▶ What needs to be done
Your answer should be the lines below from the one with "- SET OF 4 CANVAS" to the one with "双层台阶木质纹理平台床与窗户", both included, given again exactly and with nothing added.

▶ Dataset records
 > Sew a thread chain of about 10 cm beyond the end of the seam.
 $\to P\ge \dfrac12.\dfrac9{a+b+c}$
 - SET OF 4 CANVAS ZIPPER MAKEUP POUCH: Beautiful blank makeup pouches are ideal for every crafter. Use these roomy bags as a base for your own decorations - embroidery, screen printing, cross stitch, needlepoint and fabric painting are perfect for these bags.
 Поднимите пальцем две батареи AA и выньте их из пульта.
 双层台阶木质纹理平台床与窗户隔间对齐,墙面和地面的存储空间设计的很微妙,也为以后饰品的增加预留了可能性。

--

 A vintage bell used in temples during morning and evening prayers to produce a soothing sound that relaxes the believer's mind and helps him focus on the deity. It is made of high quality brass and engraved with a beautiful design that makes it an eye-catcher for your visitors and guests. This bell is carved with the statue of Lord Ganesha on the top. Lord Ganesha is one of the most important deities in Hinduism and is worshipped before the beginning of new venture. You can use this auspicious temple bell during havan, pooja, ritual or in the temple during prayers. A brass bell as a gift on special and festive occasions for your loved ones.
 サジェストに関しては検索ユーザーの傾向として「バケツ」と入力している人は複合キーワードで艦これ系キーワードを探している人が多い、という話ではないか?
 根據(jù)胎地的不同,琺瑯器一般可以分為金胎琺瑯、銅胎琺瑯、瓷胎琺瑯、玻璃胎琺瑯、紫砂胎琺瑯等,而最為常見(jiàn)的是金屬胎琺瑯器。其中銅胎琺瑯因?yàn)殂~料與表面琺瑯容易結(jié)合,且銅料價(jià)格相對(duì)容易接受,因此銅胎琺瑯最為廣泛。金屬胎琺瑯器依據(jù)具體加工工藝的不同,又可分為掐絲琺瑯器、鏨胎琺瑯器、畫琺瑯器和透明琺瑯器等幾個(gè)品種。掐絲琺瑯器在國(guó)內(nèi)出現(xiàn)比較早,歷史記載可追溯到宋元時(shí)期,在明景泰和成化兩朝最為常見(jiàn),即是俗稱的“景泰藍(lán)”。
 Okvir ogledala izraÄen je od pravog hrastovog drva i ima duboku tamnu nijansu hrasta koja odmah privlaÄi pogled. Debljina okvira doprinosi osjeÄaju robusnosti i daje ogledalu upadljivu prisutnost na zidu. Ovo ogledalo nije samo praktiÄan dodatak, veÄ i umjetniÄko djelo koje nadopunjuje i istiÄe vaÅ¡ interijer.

* * *

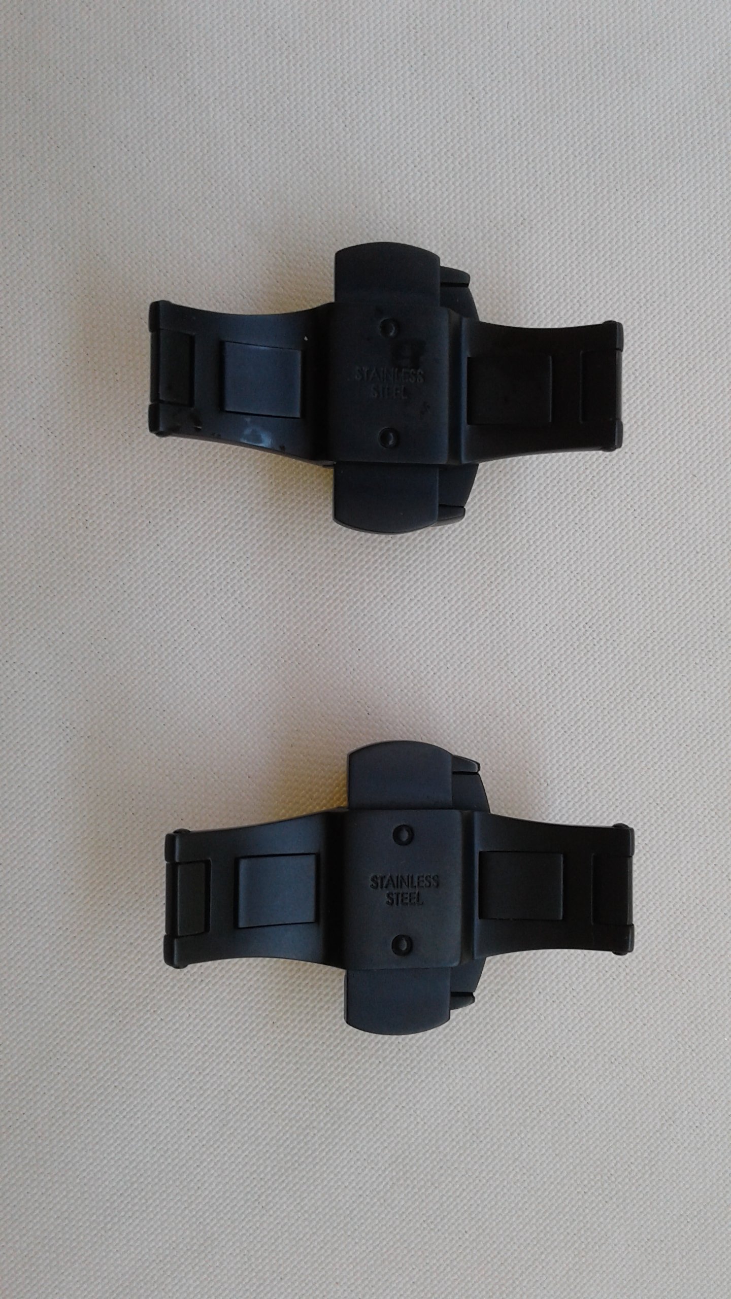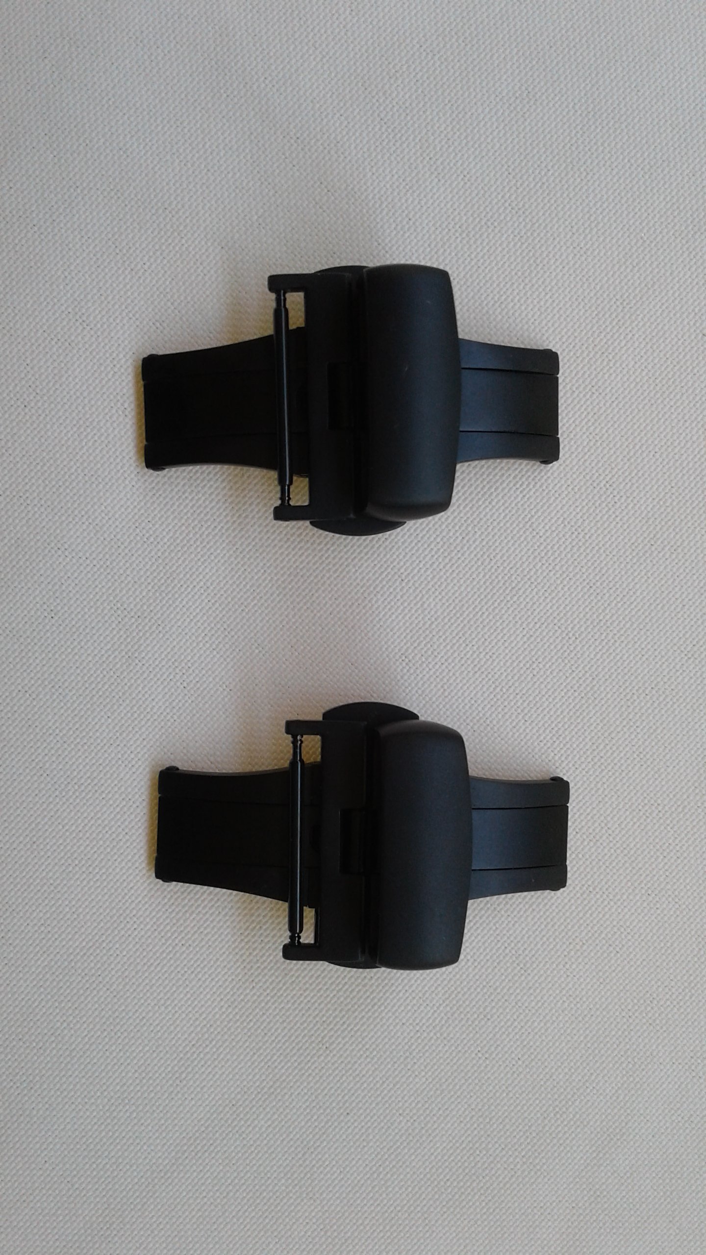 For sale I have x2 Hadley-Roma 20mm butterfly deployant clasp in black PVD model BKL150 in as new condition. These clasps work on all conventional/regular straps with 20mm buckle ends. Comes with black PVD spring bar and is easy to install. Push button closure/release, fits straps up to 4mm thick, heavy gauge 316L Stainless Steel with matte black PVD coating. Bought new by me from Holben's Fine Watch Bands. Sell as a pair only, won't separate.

▶ Written reply
 - SET OF 4 CANVAS ZIPPER MAKEUP POUCH: Beautiful blank makeup pouches are ideal for every crafter. Use these roomy bags as a base for your own decorations - embroidery, screen printing, cross stitch, needlepoint and fabric painting are perfect for these bags.
 Поднимите пальцем две батареи AA и выньте их из пульта.
 双层台阶木质纹理平台床与窗户隔间对齐,墙面和地面的存储空间设计的很微妙,也为以后饰品的增加预留了可能性。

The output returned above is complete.